• What you will do
Everything from the line with "ぷりけつデザインがプリントされた黒色のトートバッグです。" down to the line with "I ordered Cupfy’s" below must be printed exactly, those two lines included. Exclude pictures.

• Input data
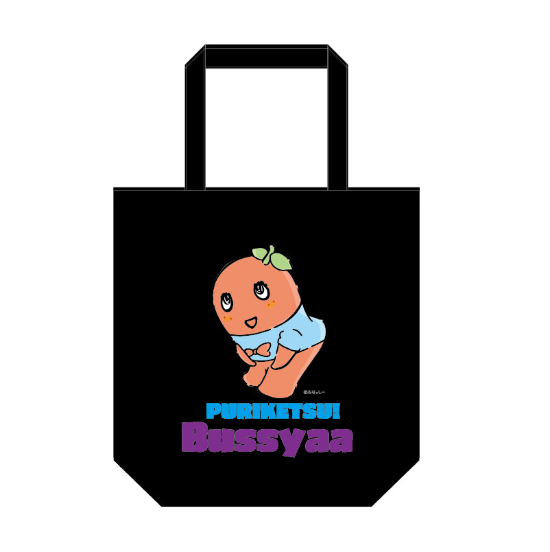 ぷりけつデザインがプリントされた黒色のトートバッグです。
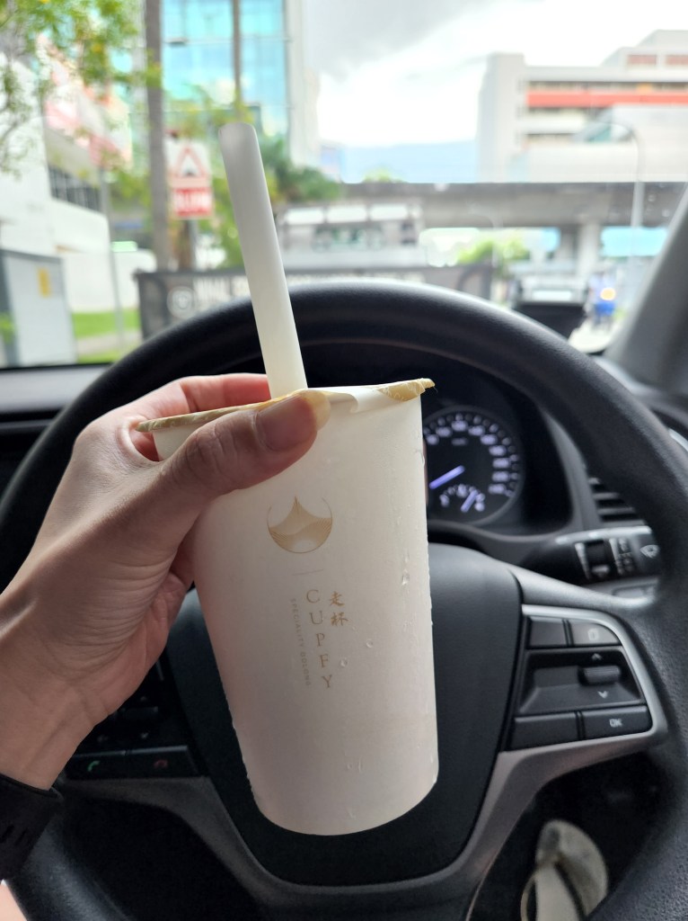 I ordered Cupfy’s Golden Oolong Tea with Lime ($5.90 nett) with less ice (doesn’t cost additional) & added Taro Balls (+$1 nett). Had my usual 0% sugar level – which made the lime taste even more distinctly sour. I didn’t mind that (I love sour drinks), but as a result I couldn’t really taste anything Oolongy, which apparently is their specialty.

--

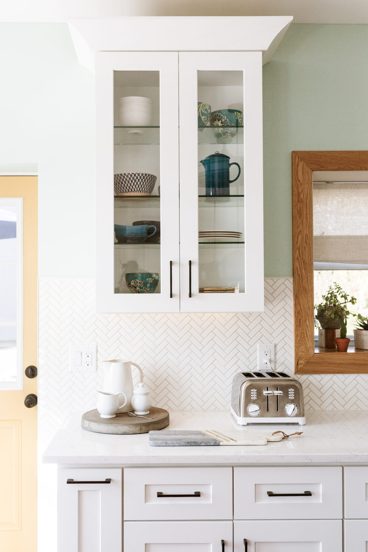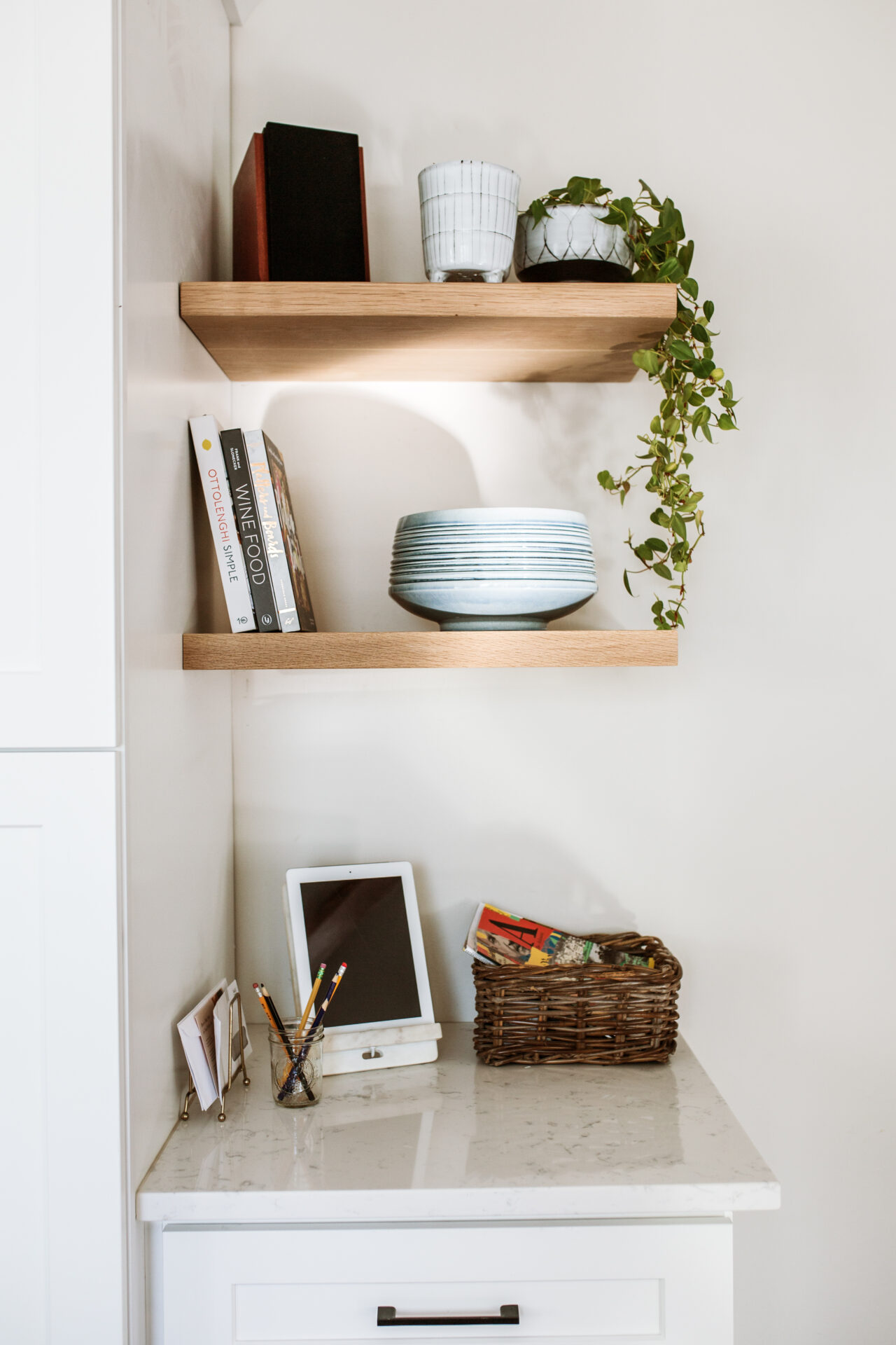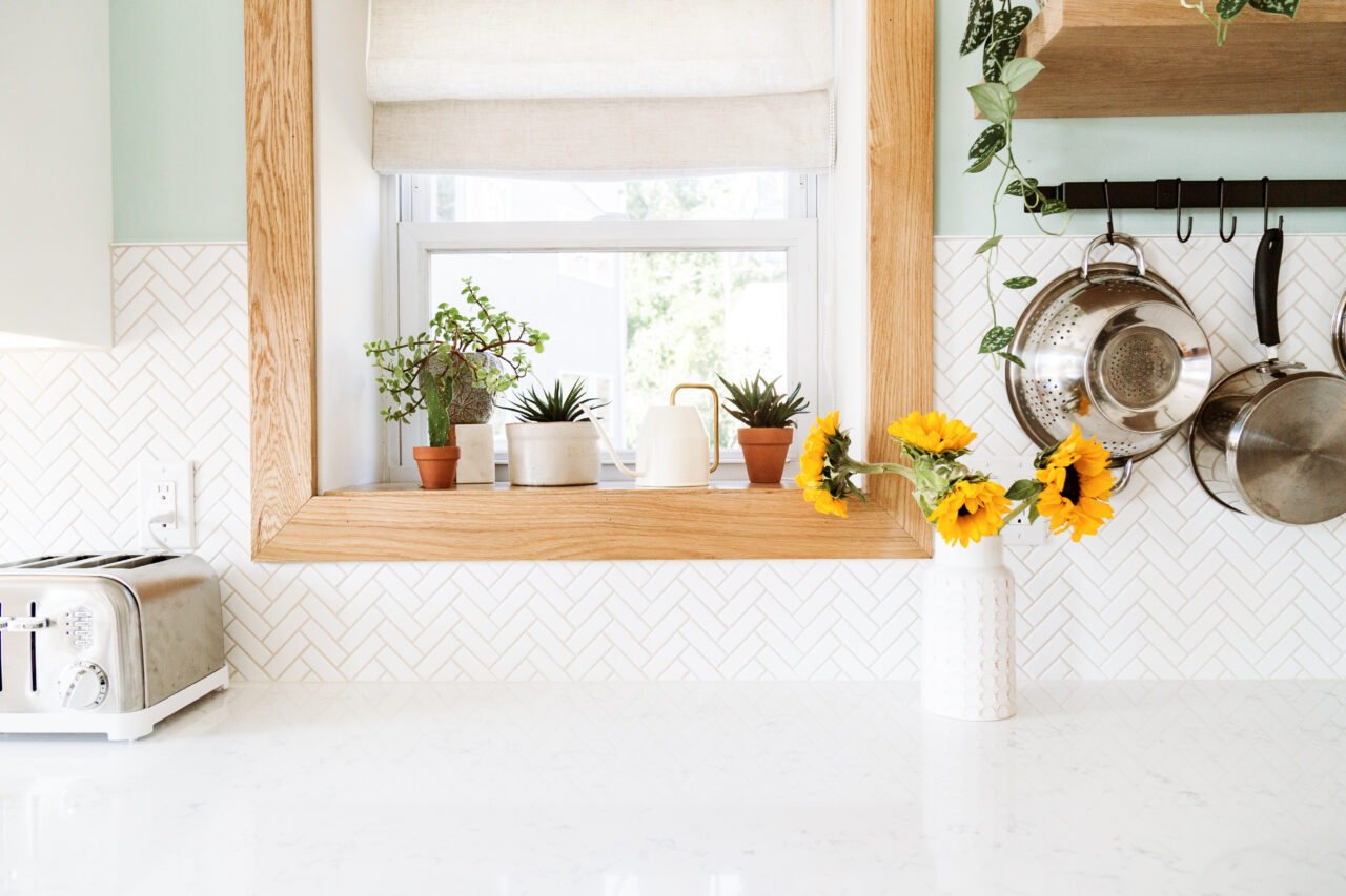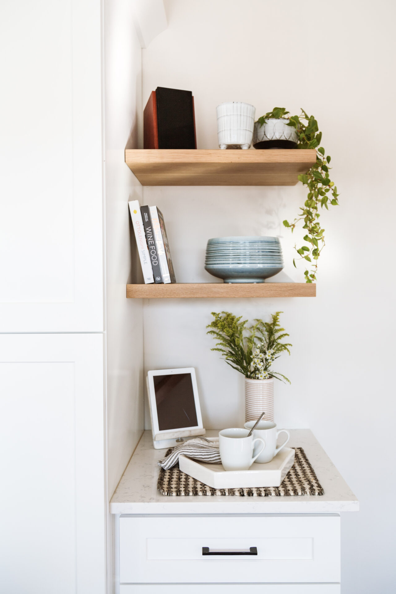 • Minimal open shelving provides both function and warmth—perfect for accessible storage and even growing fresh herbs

• Answer section
 ぷりけつデザインがプリントされた黒色のトートバッグです。
 I ordered Cupfy’s Golden Oolong Tea with Lime ($5.90 nett) with less ice (doesn’t cost additional) & added Taro Balls (+$1 nett). Had my usual 0% sugar level – which made the lime taste even more distinctly sour. I didn’t mind that (I love sour drinks), but as a result I couldn’t really taste anything Oolongy, which apparently is their specialty.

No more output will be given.